The Company’s various fixed-rate senior notes have interest coupon rates averaging 5.3% and 5.8% at December 31, 2013 and 2012, respectively. Senior notes with an aggregate principal amount of $82.2 million may not be redeemed by the Company prior to maturity and will not be subject to any sinking fund requirements. The remaining senior notes may be redeemed based upon a yield maintenance calculation.

The fixed-rate senior notes and senior convertible notes were issued pursuant to indentures that contain certain covenants, including limitation on incurrence of debt, maintenance of unencumbered real estate assets and debt service coverage. The covenants also require that the cumulative dividends declared or paid from December 31, 1993, through the end of the current period cannot exceed Funds From Operations (as defined in the agreement) plus an additional $20.0 million for the same period unless required to maintain REIT status.
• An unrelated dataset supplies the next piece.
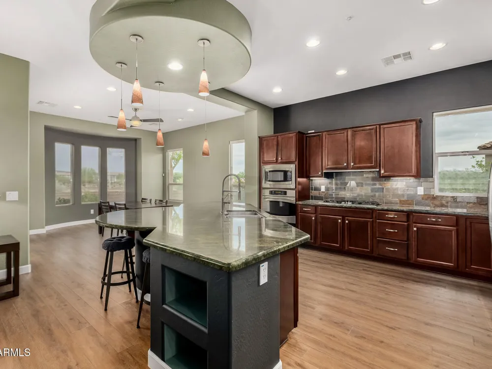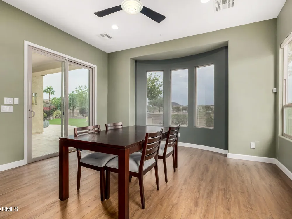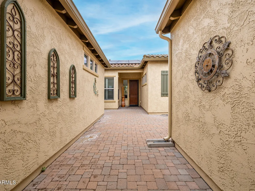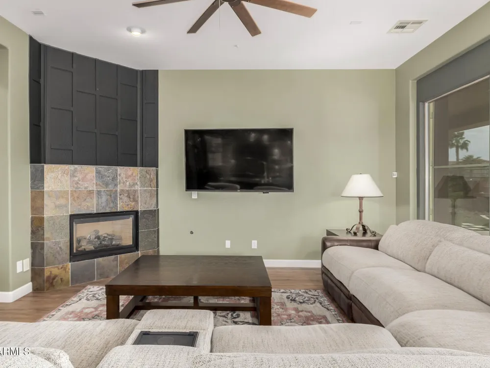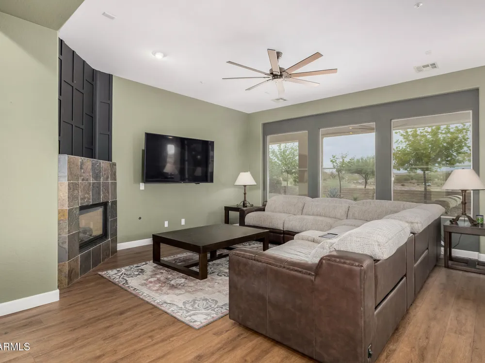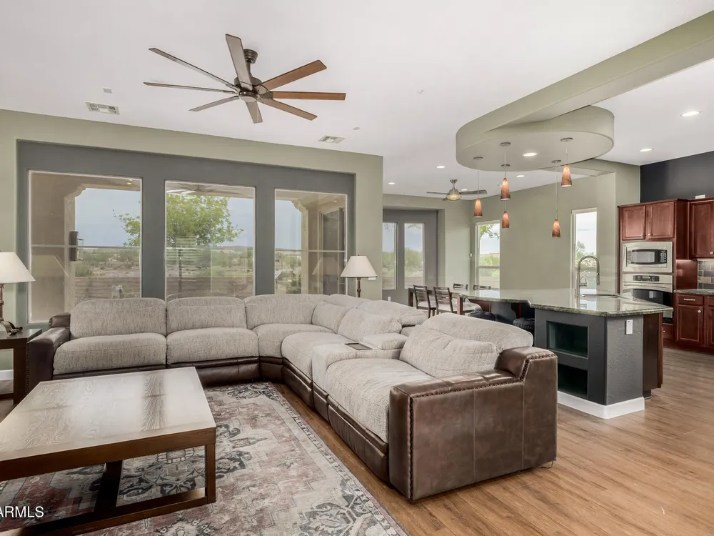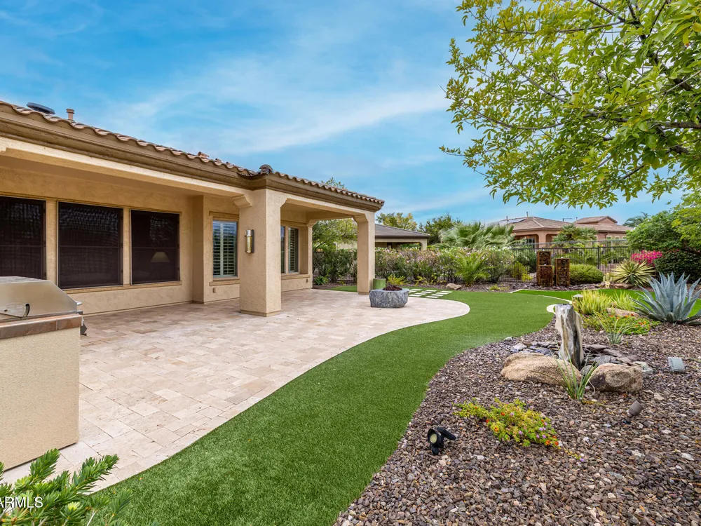 Welcome to this beautifully upgraded 3-bedroom, 3-bathroom residence offering 2,120 sq ft of elegant living space nestled on an expansive 11,000+ sq ft lot with breathtaking fairway views of the 9th hole. **Please see the full drone walkthrough video located in photo tab.** Located on a quiet cul-de-sac in the highly coveted Trilogy at Vistancia - one of Arizona's premier 55+ resort-style communities - this home is the epitome of luxury, lifestyle, and comfort. Just steps away from the golf clubhouse, V's Taproom, and the Kiva Club, this home offers the ultimate convenience and resort-style living with award-winning amenities, including championship golf, pickleball, fitness centers, pools, miles of trails, and an abundance of social clubs and activities. Step inside to find a freshly repainted interior, upgraded washer and dryer, and a gourmet kitchen featuring a brand-new reverse osmosis water filtration system in the kitchen, plus a new garbage disposal. The open floor plan is ideal for entertaining or relaxing while taking in the serene golf course views. Practical updates ensure peace of mind, including a replaced AC condenser, updated roofing underlayment beneath the solar panels to ensure a long lasting roof. With over $30,000 in professional landscaping upgrades create a true outdoor retreat including an enclosed area for dogs with turf. This is an incredibly well maintained home you don't want to miss!

Interest is paid semiannually in arrears. At December 31, 2013, the Company was in compliance with all of the financial and other covenants.

During the years ended December 31, 2012 and 2011, the Company purchased $60.0 million and $36.1 million, respectively, aggregate principal amount of its outstanding senior unsecured notes. The Company recorded a net loss on retirement of $13.5 million and $0.1 million in 2012 and 2011, respectively. The Company allocated the consideration paid for the senior convertible notes due 2011 and 2012 ($19.4 million repurchased in 2011) between the liability components and equity components based on the fair value of those components immediately prior to the purchases and recorded a gain based on the difference in the amount of consideration paid as compared to the carrying amount of the debt, net of the unamortized discount.